DATASET EXTRACT below:
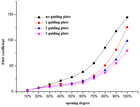 The flow coefficients are plotted at different valve opening degrees and numbers of guiding plates in Figure 8. No matter whether the valve is with guiding plate or not, the flow coefficient increases with increasing valve opening degree. When the opening degree is at 10%–20%, the guiding plate has no effect on flow coefficients, flow coefficients of the valve with or without guiding plate are exactly the same. In addition, with the increase of opening degree (>20%), the flow coefficient of valve without guiding plate is higher than that with guiding plate. This is due to the fact that the flow area is decreased compared to that in the valve core without the plate. When more plates are added, the ability of flows to go through the valve core is further decreased. Similarly, the number of guiding plates has little effect on flow coefficient at 10%–70% opening degree, and until the opening degree is larger than 70%, the flow coefficient decreases apparently when the number of guiding plates increases.
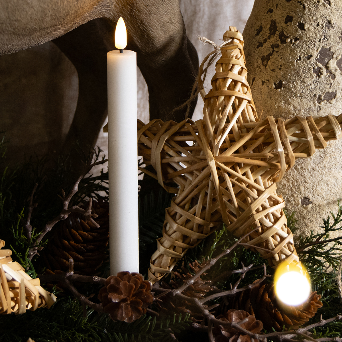 Você adora o brilho aconchegante das velas, mas não quer chamas de verdade? Então, nossas velas cônicas de LED brancas são a escolha perfeita! Com seu design atemporal, feitas de cera de verdade e uma agradável luz branca quente, essas velas de LED a pilhas criam um ambiente agradável em qualquer ambiente. Seja para jantares românticos, comemorações ou noites aconchegantes em casa, essas velas de LED com efeito de chama são versáteis e seguras. Sem marcas de queimado no caminho de mesa, sem manchas de cera e sem fuligem — relaxe e aproveite a luz segura das velas. Combine as velas de 24,5 cm de altura com candelabros decorativos ou uma coroa de Advento e você ficará surpreso com a elegância que elas complementam sua decoração.
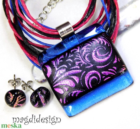 Pink-fekete tündérkert üvegékszer szett nyaklánc fülbevaló Anyák napjára, ballagásra, születésnapra, névnapra
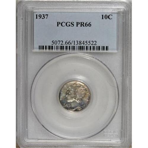 <B>1937 10C PR66 PCGS.</B></I> PCGS Population (469/203). NGC Census: (349/171). Mintage: 5,756. Numismedia Wsl. Price for NGC/PCGS coin in PR66: $725. (#5072)<BR><BR><B>Coin Engraver:</B> Adolph A. Weinman<BR><BR><b>Shipping:</b> Coins & Currency (<a target="_blank" href="http://www.heritageauctions.com/common/shipping.php">view shipping information</a>\)
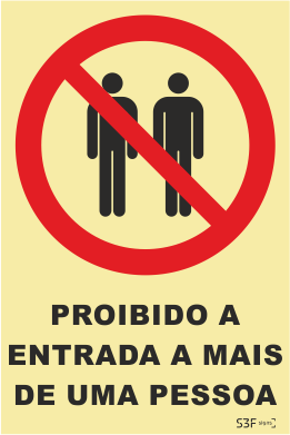 Sinal de Proibição de Entrada a Mais de Uma Pessoa - Fotoluminescente (150mmx200mm)
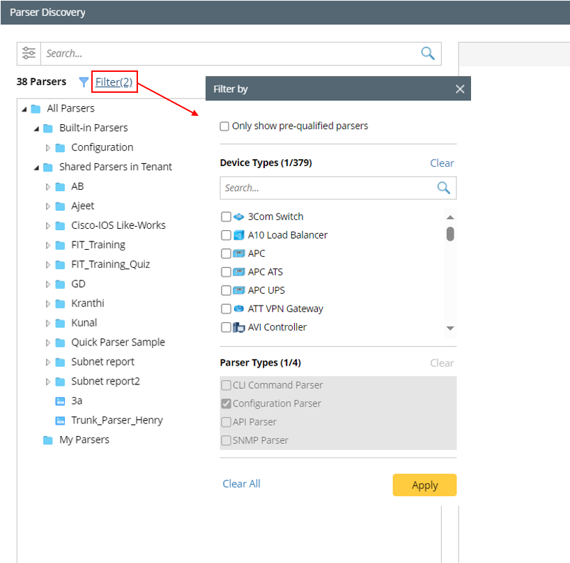 To narrow down your search results, you can use the Filter function to filter out results by device type and parser type.
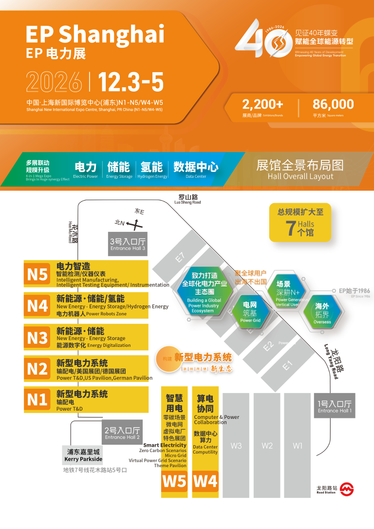 2026年是EP電力展繼往開(kāi)來(lái)的一年。本屆展會(huì)首次啟用N1至N5館、W4館及W5館,共計(jì)七大展館,展覽總面積預(yù)計(jì)突破86,000平方米,這不僅標(biāo)志著展會(huì)規(guī)模的再一次飛躍,更彰顯了電力行業(yè)蓬勃的發(fā)展活力與市場(chǎng)信心。
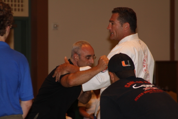 New WHFSC Member, Hanshi Moti Horenstein of Israel/ Florida demonstrates his system of Extreme Hisurdat with volunteer, Master Shuki Drai
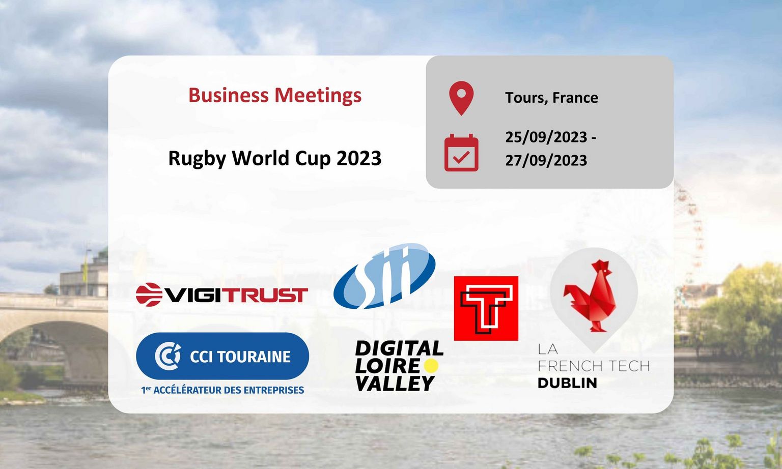 Alors que l'équipe irlandaise établit Tours comme son camp de base, nous sommes ravis d'annoncer que VigiTrust, en collaboration avec le Groupe SII, Digital Loire Valley, La French Tech Dublin et la Chambre de Commerce de Touraine, organise une série spéciale de business meetings du 25 au 27 septembre 2023. Ce sera une opportunité unique pour apprendre, réseauter et se connecter avec des experts de l'industrie dans une super atmosphère en marge de cette Coupe du Monde.
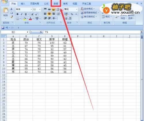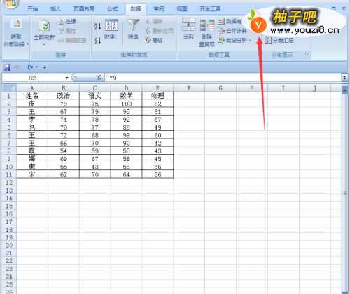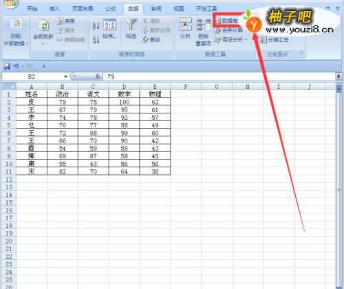 8选中菜单栏“数据有效性”后面的下拉箭头,单击
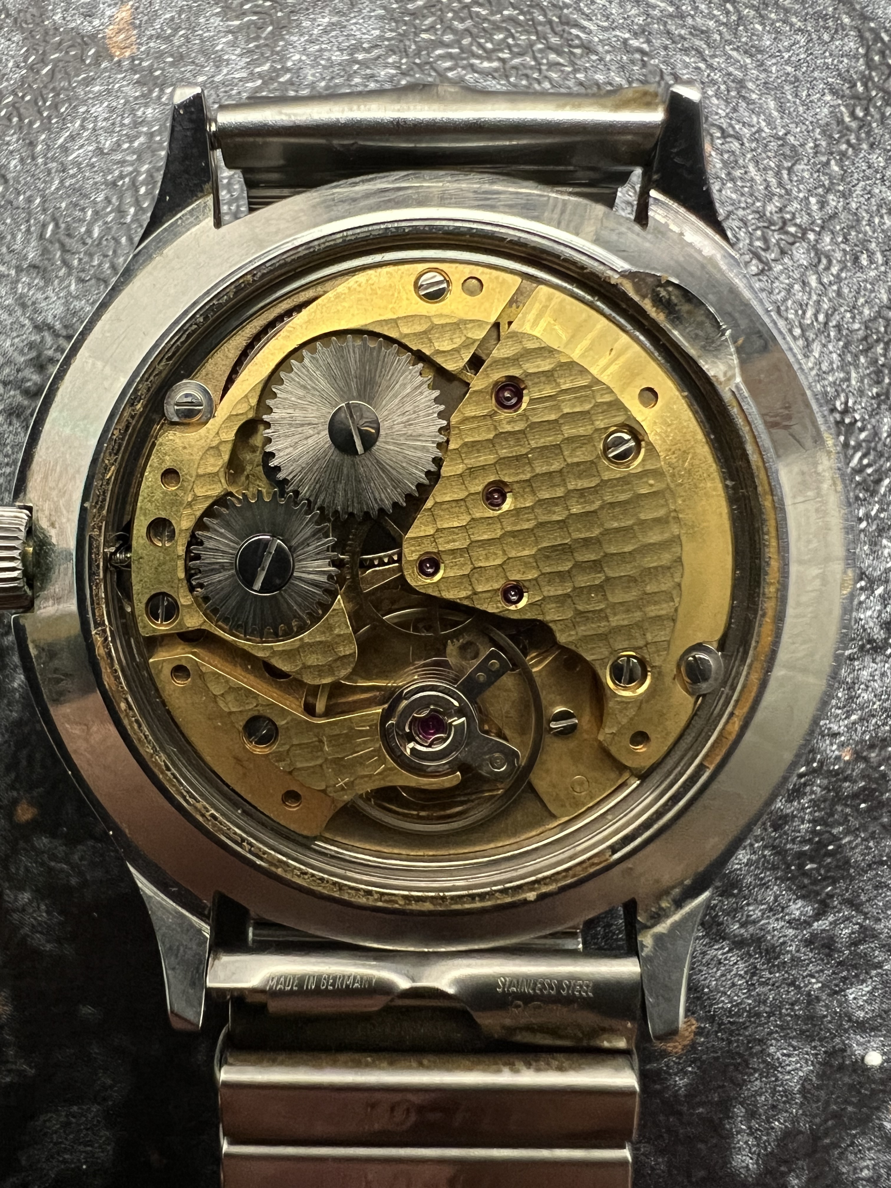 Lijkt een prima uurwerkje, robijn gelagerd, schokbescherming. De experts hier weten vast wel uit te vissen om welk uurwerk het gaat. Misschien Duits of Frans aangezien het anders zo prominent op de wijzerplaat gedrukte Swiss Made ontbreekt.
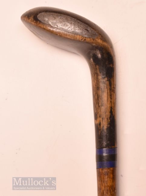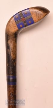 Interesting Early Sunday Golf Walking Stick fitted with persimmon socket head curved sole wood handle with decorative black cross and blue square section central face insert together with matching hosel bands – still retaining the brass tip – overall 33.5”
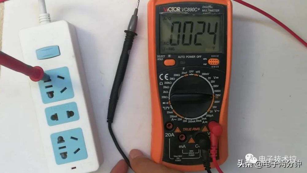 上面工作都准备好就可以去区分零线和地线了(注意这里没有火线),用红表笔去插向待区分的两个插孔或者去接触待区分的两根导线,在测量的过程中同样会观察到这两根线在测量时显示屏上显示的电压值不同,不过这个数值比连在火线上时要小的多,这也是选择小量程的原因。
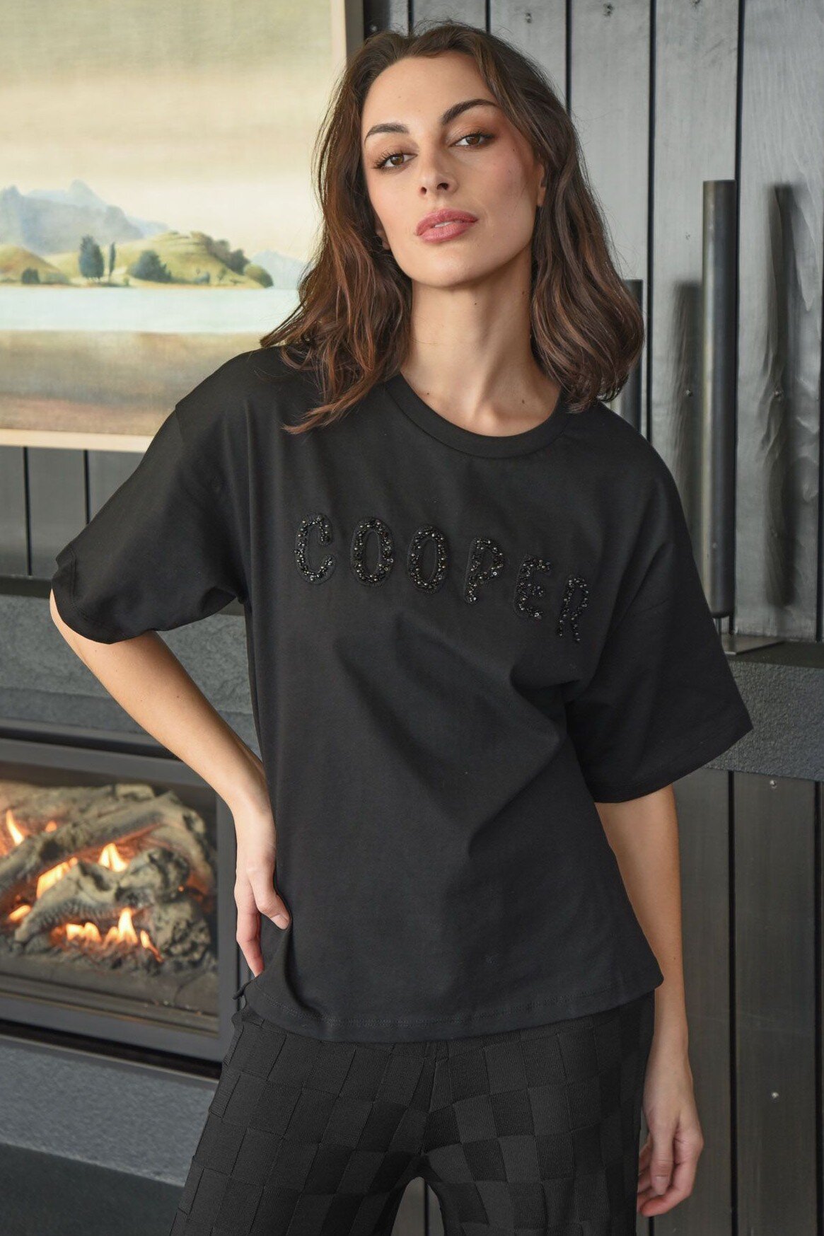 Beaded to perfection, the ‘Beading Lady’ top is an elevated essential. Featuring a beaded logo embellished front, adding just the right amount of sparkle to your everyday style. Crafted from the soft breathable cotton of the ‘Spill the Tee’ the relaxed fit keeps it effortless, while the intricate beadwork brings a touch of luxury.
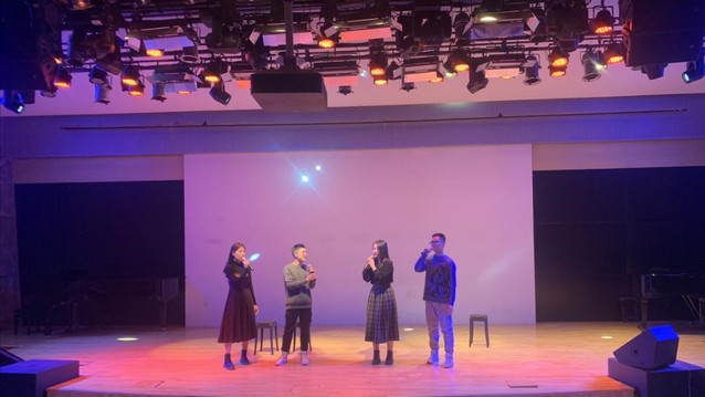 12月18日,我院王玲、魏佳、吴文轩、刘宇航四名同学于人文与艺术学院报告厅成功完成《修炼爱情》歌曲演唱节目的录制,标志着此次艺术实践校园行活动圆满结束。
End of DATASET EXTRACT.
Return, exactly as they stand, the lines above from the one with "Interesting Early Sunday" to the one with "上面工作都准备好就可以去区分", omitting any pictures among them.

- ANSWER TO THE PROBLEM:
 Interesting Early Sunday Golf Walking Stick fitted with persimmon socket head curved sole wood handle with decorative black cross and blue square section central face insert together with matching hosel bands – still retaining the brass tip – overall 33.5”
 上面工作都准备好就可以去区分零线和地线了(注意这里没有火线),用红表笔去插向待区分的两个插孔或者去接触待区分的两根导线,在测量的过程中同样会观察到这两根线在测量时显示屏上显示的电压值不同,不过这个数值比连在火线上时要小的多,这也是选择小量程的原因。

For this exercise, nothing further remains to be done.